“Defined by Tucci’s natural charm and laid-back enjoyment of all he experiences, it makes for particularly soothing Sunday night viewing”

Stanley Tucci: Searching for Italy

Stanley Tucci: Searching for Italy, BBC2

“The new series, as with its predecessor, is intimate and easy. Defined by Tucci’s natural charm and laid-back enjoyment of all he experiences – the food of Italy, and, crucially the people who cook it – it makes for particularly soothing Sunday night viewing: his chatty, interested approach helps transport you away from your freezing cold flat and right there into the Italian countryside or golden beach with him.”
Lauren O’Neill, The i

“One of the familiar problems with this type of programme is the way the host is beadily watched by the people who have cooked for him. Tucci is hardly likely to vomit into his hand and use words such as ‘disgusting’ and ‘inedible’, even if food in Italy rarely is, but it made the whole thing feel slightly repetitive, which, if you were being charitable, you could say was mesmerising. I found it dull.”
Ben Dowell, The Times

Everyone Can Rap, ITV

“I liked the meeting room aesthetic and the low-stakes, anti-hysterical feel of it all. It’s all incredibly sweet and heartwarming. It lives in the same territory as Gareth Malone and his choirs, and is uplifting wherever it can find an opportunity to be.”
Rebecca Nicholson, The Guardian

1978: The Winter of Discontent, Channel 5

“It was one of those social history programmes thrown together by Channel 5. You know the type: archive footage, celebrity talking heads, and a desire to pad out the serious stuff – strikes, inflation – with nostalgia.
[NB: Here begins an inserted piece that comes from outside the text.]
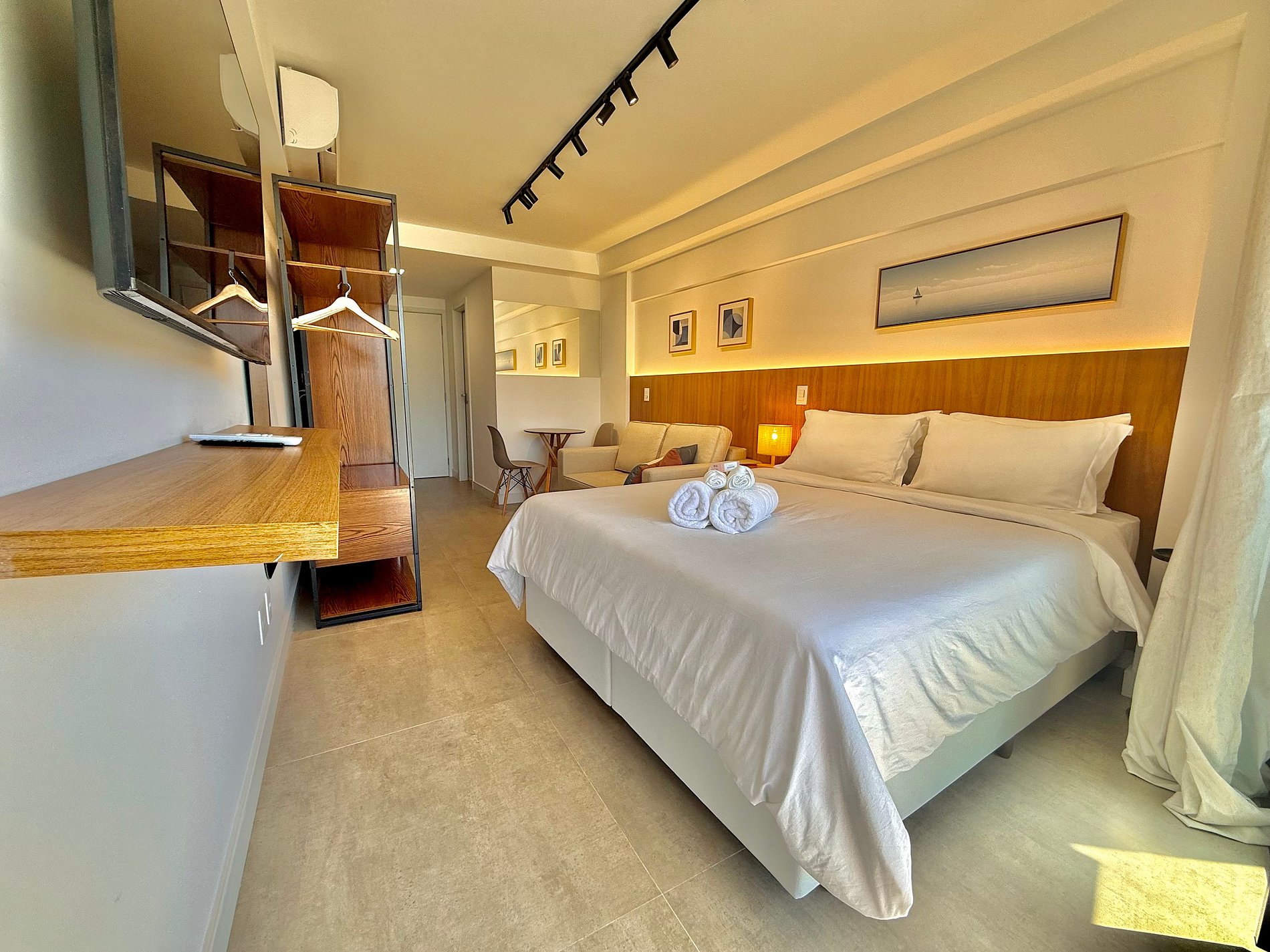 O hóspede terá acesso a todos os ambientes do Studio e também às áreas comuns do edifício, inclusive a piscina, a academia e a lavanderia.
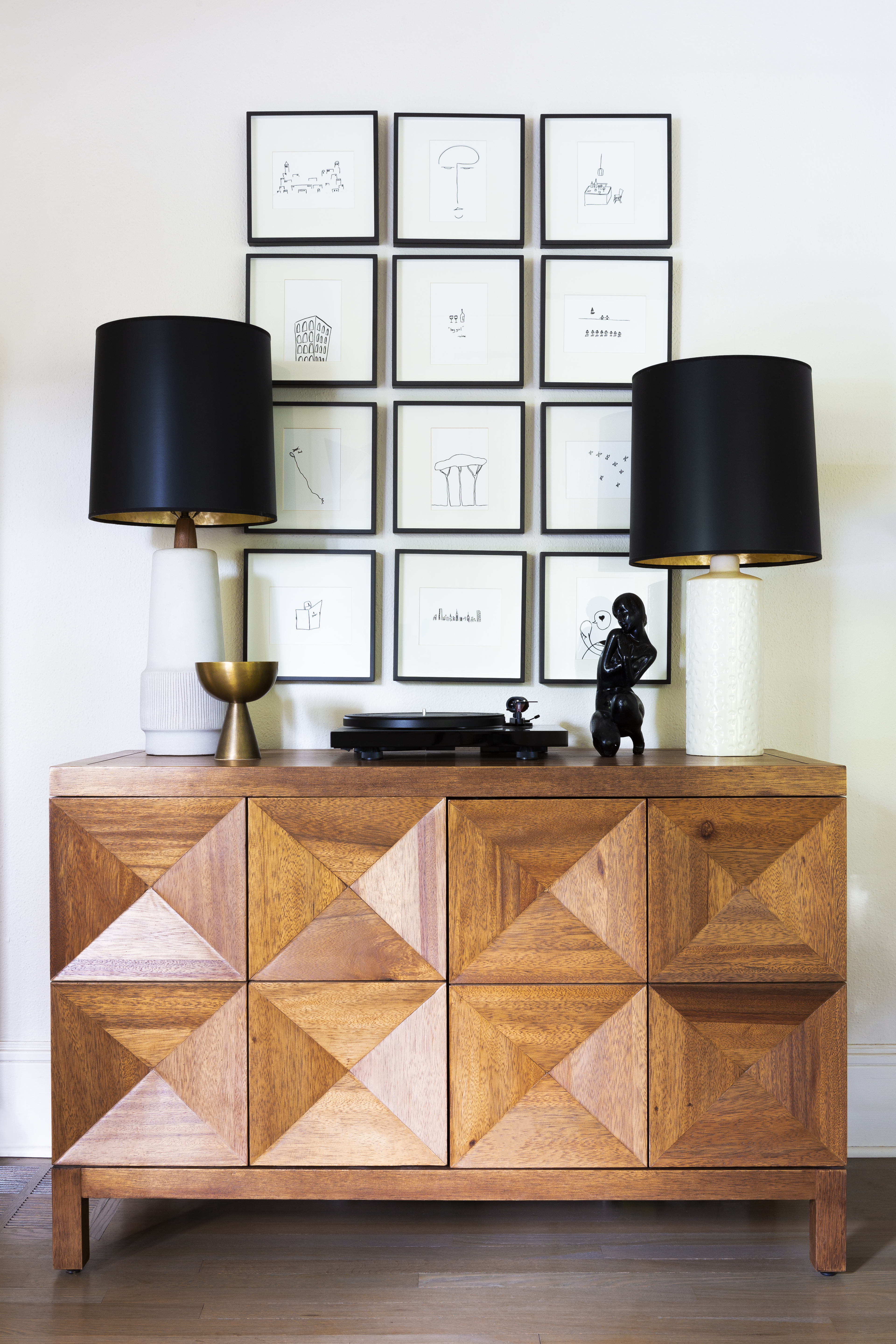 Sentimentality is yet another major component of Vaughan’s approach to interior design. Above the credenza in the living room, a curated gridded gallery wall boasts sketches by Vaughan’s husband, depicting their travels throughout the years. The mirror decking the fireplace mantel was the first thing she and her husband bought together while at the Rose Bowl in California.

The programme served as a trip down memory lane for those old enough to remember it, and a serviceable primer for any young person who would like to understand why people keep drawing parallels between 1978 and now.”
Anita Singh, The Telegraph

Dal y Mellt, S4C/BBC iPlayer

“Dal y Mellt is an attempt to replicate the jittery energy of Guy Ritchie films and Irvine Welsh adaptations, while paying homage to Tony Soprano’s leather jacket. It does this with mixed success. Writer Iwan Roberts has adapted his own novel for television and the screenplay could do with tightening up – the viewer is introduced to various characters but made to wait for any explanation of who they are, how they’re connected, or what they’re doing. But if you stick with it, it has a scruffy charm.”
Anita Singh, The Telegraph

Karen Pirie, ITV

“Karen Pirie continued to weave its magic, deftly holding its two timelines together in its story of the cold case investigation into the grisly 1996 killing of Rosie Duff in St Andrews. It’s defiantly slow, deservedly luxuriating in its two-hour episodes (normally how long it takes ITV to wrap up a murder investigation). The more time spent with Lauren Lyle’s magnetic heroine, with her tank tops, bovver boots and bum bag, the better, I say.”